CONCLUSIONS: This study enriches the library of the ATP7B mutations that lead to WD and can be used as a basis for genetic counseling, for WD prevention and clinical and prenatal diagnosis. Those SNPs that are believed to be harmless to ATP7B protein may be involved in the pathogenesis of WD.

Introduction

Wilson's disease (WD; MIM 277900) is an autosomal recessive copper metabolism disorder, including inadequate incorporation of copper into apoceruloplasmin and impaired biliary copper excretion. This metabolic disorder leads to cooper accumulation mainly in the liver and brain and concomitantly, which causes hepatic, neurological or psychiatric impairment, Kayser–Fleischer (KF) rings and other complex clinical manifestations. Although copper metabolism disorder begins at birth, symptoms do not usually develop until the age of 3. In most patients, symptoms appear between 5 and 35 years of age.[ Pediatric WD patients mainly show liver symptoms, whereas neuropsychiatric symptoms predominate in adults.[

ATPase copper transporting beta (ATP7B) is the know WD causative gene, located on chromosome 13q14.3 and encodes a copper-transporting P-type ATPase that contains 1465 residues. This protein is formed by 6 mental binding units, 8 transmembrane domains (TM), an actuator domain (A-domain), a phosphorylation domain (P-domain) and a nucleotide binding domain (N-domain).[ More than 700 mutations and about 800 single-nucleotide polymorphisms (SNPs) have been identified in ATP7B, but only a few have been studied experimentally.[ The study of function, stability and traffic of ATP7B is difficult for it is a large transmembrane protein. Combined probability (cPdel) can be a useful algorithm to estimate an amino acidic change in proteins.
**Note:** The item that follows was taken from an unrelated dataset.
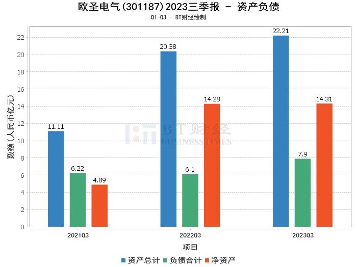 在资产负债方面,欧圣电气2023年三季度的总资产为22.21亿元,相比上年度末的20.37亿元有所增长。负债总额为7.9亿元,相比上年度末的5.86亿元有所上升。净资产为14.31亿元,略低于上年度末的14.5亿元。资产负债率为35.57%,相比上年度末的28.79%有所上升。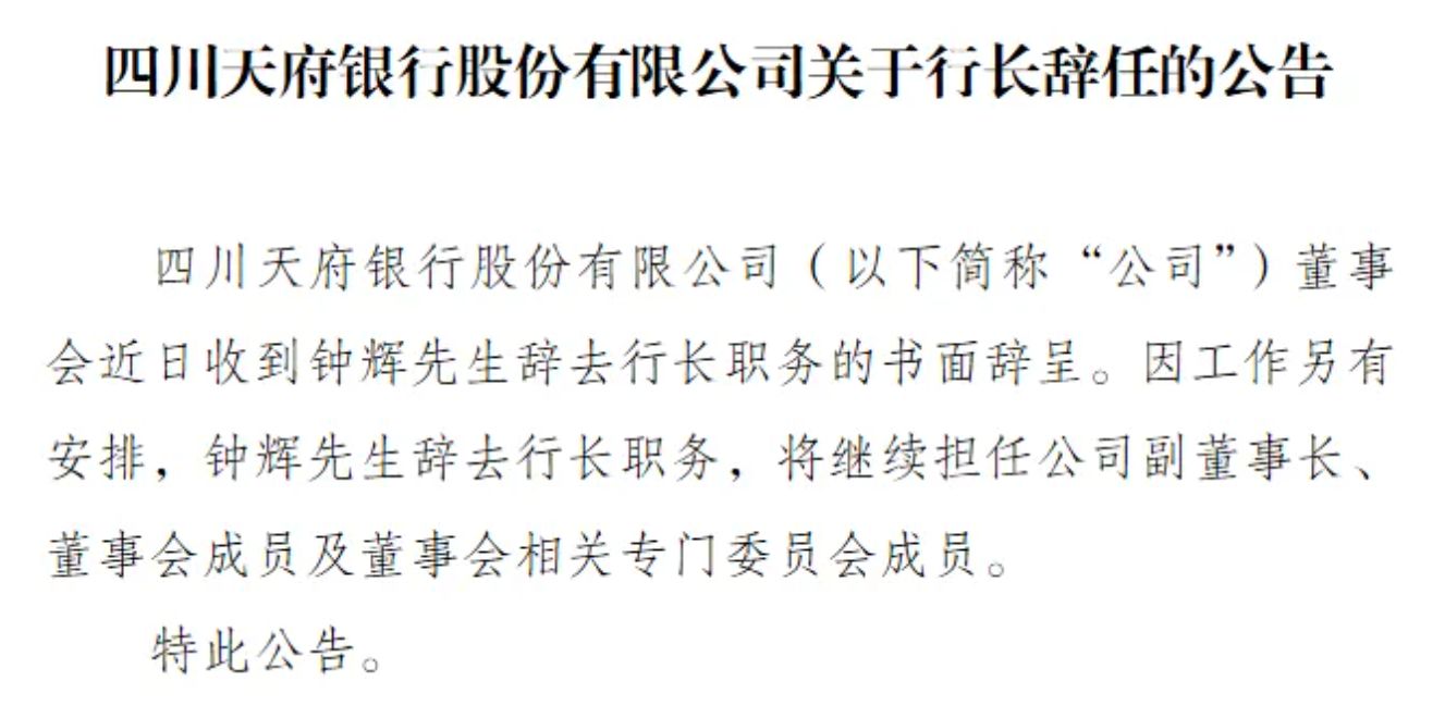 近日,四川天府银行发布公告,该行董事会收到钟辉辞去行长职务的书面辞呈。

This algorithm is able to combine the results of the four most used bioinformatics tools (Poly-phen-2, SIFT, PANTHER, and PhD-SNPs) to evaluate the SNPs effect on the protein function.[ cPdel values of the WD-causing mutations with deleterious effects experimentally verified are higher (0.98) than the non-deleterious mutations (0.88) and non-disease-causing variants (NDVs) (0.21).[

The prevalence of WD is estimated at 1 in 30,000, and the heterozygous carrier rate is close to 1 in 90 in many populations.[ Early diagnosis and treatment are critical for preventing disease progression and irreversible sequelae.[ Genetic testing of ATP7B is a reliable tool for diagnosing WD, especially for early onset. In this study, we reported two new mutations, c.1448_1455del (p.Arg483Serfs X19) and c.4144G>T (p.Glu1382 Stop), as well as other 11 previously reported mutations were identified by direct DNA sequencing analysis of the entire coding regions of ATP7B in 14 WD cases. One SNP obtained moderate cPdel scores, suggesting that SNPs previously considered non-pathogenic may impair ATP7B function.

Materials and methods

Patients

Fourteen cases of WD children were identified at the First Hospital of Anhui University of Chinese Medicine. This study followed the tenets of the Declaration of Helsinki and was approved by the ethics committee of The First Affiliated Hospital of Anhui University of Chinese Medicine. Written consent was obtained from patients or their guardians before participating in the genetic investigation and after explanation of the nature and possible consequences of this study.

Mutation detection

Venous blood samples were collected from patients and genomic DNA was isolated according to the method described by Ren et al.[ The coding exons of ATP7B from exon 1 to 21 and the exon-intron boundaries were amplified using DNA from patients with the corresponding primers (Supplemental Table 1). PCR products were gel-purified (Watson Biotechnologies, Inc., Shanghai,China) and sequenced by BigDye 3.1 (Applied Biosystems, Foster City, CA). Raw data were direct sequencing analysis with the ABI PRISM 3100 Genetic Analyzer and Sequencing Analysis 5.3.1 software. The sequencing results were compared to the reported cDNA reference sequence (NM_000053).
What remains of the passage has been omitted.